Choosing a Python Distribution with Machine Learning in Mind

It’s entirely possible to obtain a generic copy of Python and add all the required machine learning libraries to it. The process can be difficult because you need to ensure that you have all the required libraries in the correct versions to guarantee success. In addition, you need to perform the configuration required to make sure that the libraries are accessible when you need them. Fortunately, going through the required work is not necessary because a number of Python machine learning products are available for you to use. These products provide everything needed to get started with machine learning projects.

remember You can use any of the packages mentioned in the following sections to work with the examples in this book. However, the book’s source code and downloadable source code rely on Continuum Analytics Anaconda because this particular package works on every platform this book supports: Linux, Mac OS X, and Windows. The book doesn’t mention a specific package in the chapters that follow, but all screenshots reflect how things look when using Anaconda on Windows. You may need to tweak the code to use another package, and the screens will look different if you use Anaconda on another platform.

warning Windows 10 presents some serious installation issues when working with Python. Windows 10 doesn’t provide a great environment for Python, because the automatic upgrades mean your system is always changing. If you’re working with Windows 10, simply be aware that your road to a Python installation will be a rocky one. If you run into problems, try installing Python 3.x and run the program from the command line instead of from the Start menu.

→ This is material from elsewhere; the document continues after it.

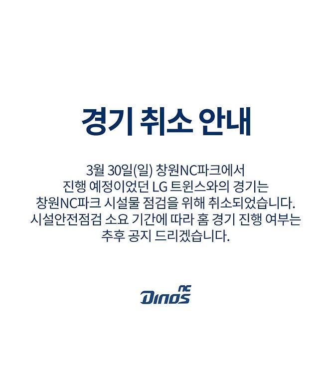 갑작스럽게 벌어진 사태에 모두가 깜짝 놀랐다. 이날 오후 8시45분경 NC 구단은 보도자료를 내고 "3월 30일 창원 NC파크에서 진행 예정이었던 LG 트윈스와의 경기는 창원 NC파크 시설물 점검을 위해 취소됐다"고 공식 발표했다. 이어 "시설 안전 점검 소요 기간에 따라 홈 경기 진행 여부는 추후 공지한다"고 밝혔다. 곧이어 KBO도 "3월 30일 창원에서 개최 예정인 NC와 LG의 경기를 연기하기로 했다. 29일 창원 경기에서 구조물 낙하 사고로 인해 관중 3명이 부상 당하는 부상사가 발생함에 따라, NC 구단과 협의해 시설물 안전 점검 실시를 위해 이를 결정했다"고 발표했다.

Getting Continuum Analytics Anaconda

The basic Anaconda package is a free download that you obtain at www.continuum.io/downloads. Simply click Download Anaconda to obtain access to the free product. You do need to provide an email address to get a copy of Anaconda. After you provide your email address, you go to another page, where you can choose your platform and the installer for that platform. Anaconda supports the following platforms:

  • Windows 32-bit and 64-bit

    technicalstuff The installer may offer you only the 64-bit or 32-bit version, depending on which version of Windows it detects.

  • Linux 32-bit and 64-bit
  • Mac OS X 64-bit

The code written for this book requires Anaconda 2.1.0 using Python 2.7, which you can download at https://repo.continuum.io/archive (refer to the “Using Python 2.7.x for this book” sidebar for details). You can also choose to install Python 3.5 by clicking one of the links where the filename begins with Anaconda3. Both Windows and Mac OS X provide graphical installers. When using Linux, you rely on the bash utility.

warning The code exercises and commands in this book will not work as-is if you use the latest version of Anaconda, as a new version is expected to be released during the book’s publication with a different command syntax. Make sure you download and use Anaconda 2.1.0.

The Miniconda installer can potentially save time by limiting the number of features you install. However, trying to figure out precisely which packages you do need is an error-prone and time-consuming process. In general, you want to perform a full installation to ensure that you have everything needed for your projects. Even a full install doesn’t require much time or effort to download and install on most systems.

The free product is all you need for this book. However, when you look at the site, you see that many other add-on products are available. These products can help you create robust applications. For example, when you add Accelerate to the mix, you obtain the capability to perform multicore and GPU-enabled operations. The use of these add-on products is outside the scope of this book, but the Anaconda site provides details on using them.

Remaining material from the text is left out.